Monthly support group
Our monthly support group meets at Kon-Tiki Business Centre in Maroochydore and is open to anyone affected by cancer — patients, survivors, and carers. There is no agenda and no pressure. It is simply a space to connect with others who genuinely understand, in a warm and welcoming environment.
For many carers, finding a space where they are seen as a person — not just as a support mechanism — makes a significant difference.
Sound healing
Sound healing is a gentle, non-invasive complementary therapy that uses therapeutic sound to support relaxation, reduce anxiety, and promote a sense of wellbeing. A 2025 study published in Palliative Medicine Reports (Shimotsuura et al.) found that natural sound therapy reduced anxiety, tiredness, and breathlessness, and improved sleep satisfaction in cancer patients. The same principles apply to those supporting them.
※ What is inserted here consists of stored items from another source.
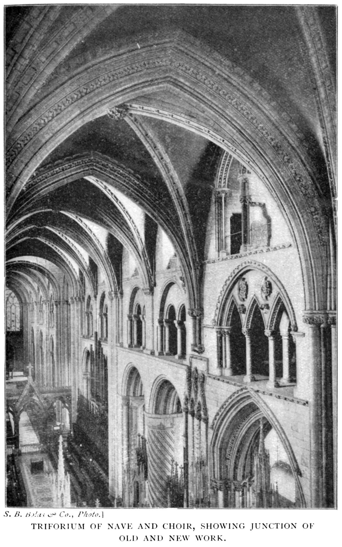 The Choir is the earliest part of the church. Its two western bays show Carileph's work, but the eastern piers have been considerably altered owing to the addition at a later period of the eastern transept, when Carileph's apses were taken down. This bay contains some very rich and beautiful detail. The piers on either side of the choir are decorated with arcades, the lower stage having six arches, and the upper three, all richly carved with foliage in the caps and hood moulds, and with heads and half figures. There is also a square aumbry on each pier. Above the upper arcade, which breaks through the level of the triforium string course, which is also carried round it, there is on each pier a figure of an angel beneath a canopy. These are the only two figures remaining of many which formerly added to the beauty of the interior of the church. The vaulting of the choir is thirteenth-century work, quadripartite, the ribs decorated with dog-tooth ornament and square leaves, and has fine bosses at the intersections of the diagonal ribs. The choir of Durham is especially interesting to the student of architecture, showing as it does the Early Norman work of Carileph, combined with the Early English and Early Decorated work of the newer eastern portion.41
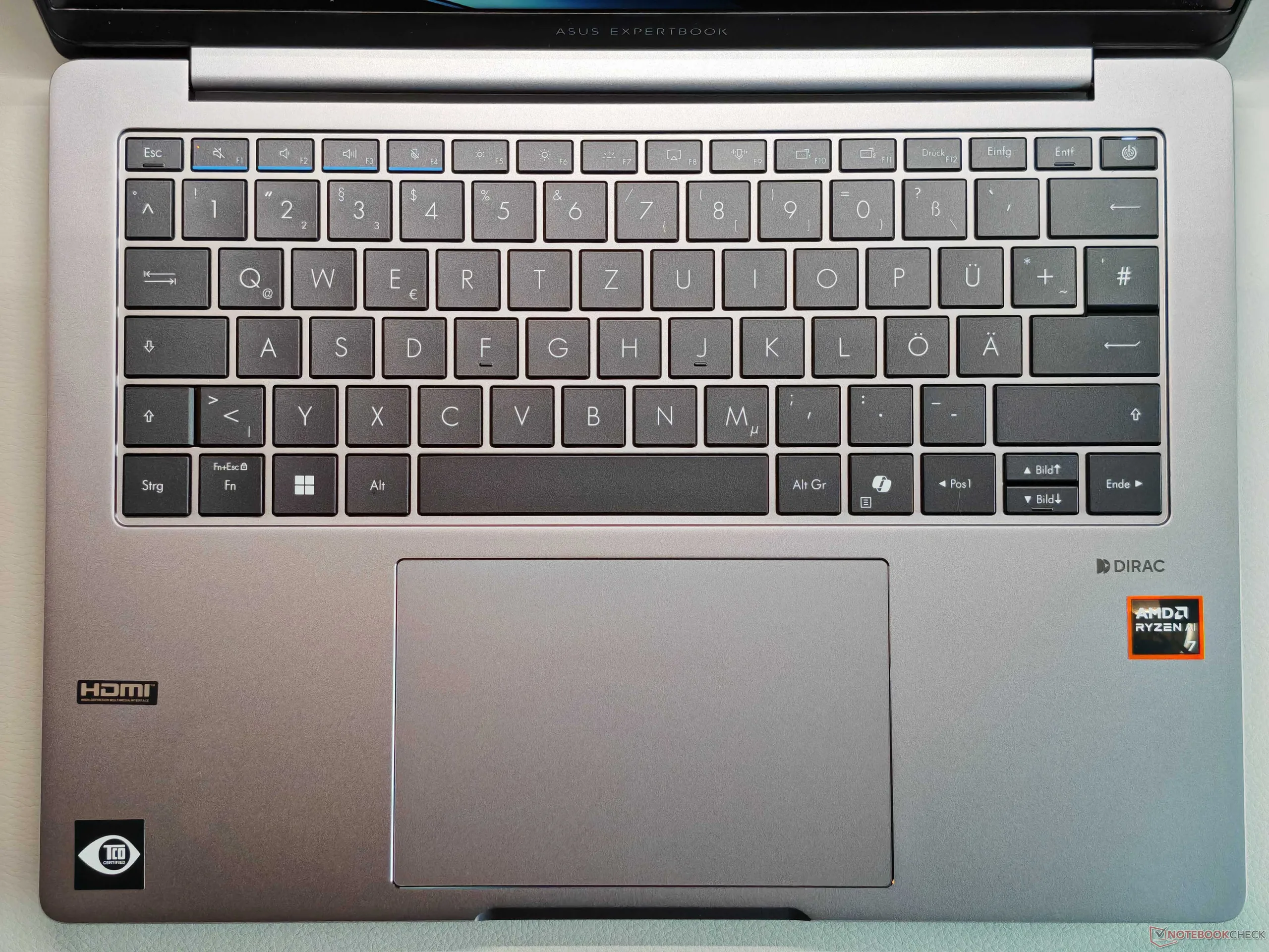 Датчик отпечатков пальцев также встроен в кнопку питания в правом верхнем углу. Тачпад размером 13 x 8,5 см обладает хорошим скольжением и работает без проблем. На нижнюю область можно нажимать механически, и шум при этом не слишком громкий.
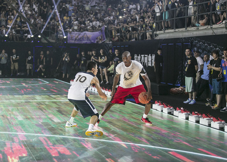 Za potrebe treninga s NBA zvezom Kobe Bryantom, sportska kompanija Nike napravila je u Šangaju teren od LED ekrana osetljiv na dodir… patika!
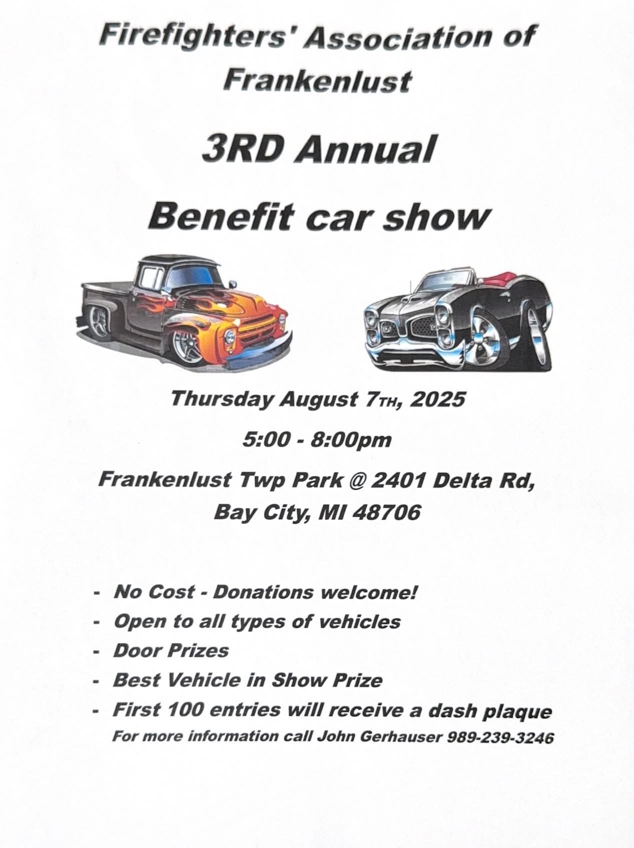 Firefighters’ Association of Frankenlust 3rd Annual Benefit Car Show
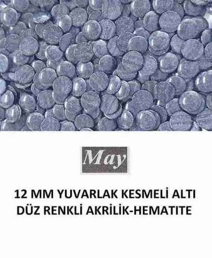 12 MM YUVARLAK KESMELİ ALTI DÜZ RENKLİ AKRİLİK-HEMATITE

For carers carrying significant stress and exhaustion, sound healing offers a rare opportunity to simply stop, be still, and let the nervous system rest.
Energy healing
Energy healing is another carefully selected complementary therapy available at CanSurvive. Like sound healing, it works with the body’s natural capacity for rest and restoration — supporting emotional as well as physical wellbeing. Many carers who access energy healing describe it as one of the few times in their week when they are not thinking about anyone else’s needs.
These are not replacements for medical care or professional psychological support. They are complementary — designed to work alongside whatever else you may be receiving, and to give you something that is just for you.
You are welcome here
If you are caring for someone with cancer on the Sunshine Coast, you are part of the CanSurvive community too.
You are allowed to grieve. You are allowed to be exhausted. You are allowed to feel all of it — the love, the fear, the frustration, the moments of unexpected beauty in the middle of something very hard — and still reach out for support.
Caring for yourself is not selfish. It is not a betrayal of the person you are caring for. It is the only way you can continue to show up for them, and for yourself, over the long journey ahead.
We are here. And we are glad you found us. 💚
Sources:
Australian Institute of Health and Welfare. (2025). Informal Carers. Retrieved from https://www.aihw.gov.au/reports/australias-welfare/informal-carers
Mylek, M. and Schirmer, J. (2024). Carer Wellbeing Survey 2024 Report. University of Canberra for Carers Australia.
Baguley, B.J. et al. (2023). Access to nutrition services and information after active cancer treatment: a mixed methods study. Journal of Cancer Survivorship, 18(1), 176–185.
Shimotsuura, Y. et al. (2025). Effects of high-resolution natural sound with inaudible high-frequency components on healing, symptoms, and sleep satisfaction in terminally ill cancer patients. Palliative Medicine Reports, 6(1), 53–60.
📌 This content is for educational purposes only and is not a substitute for medical advice. Please consult your healthcare team for guidance specific to your situation.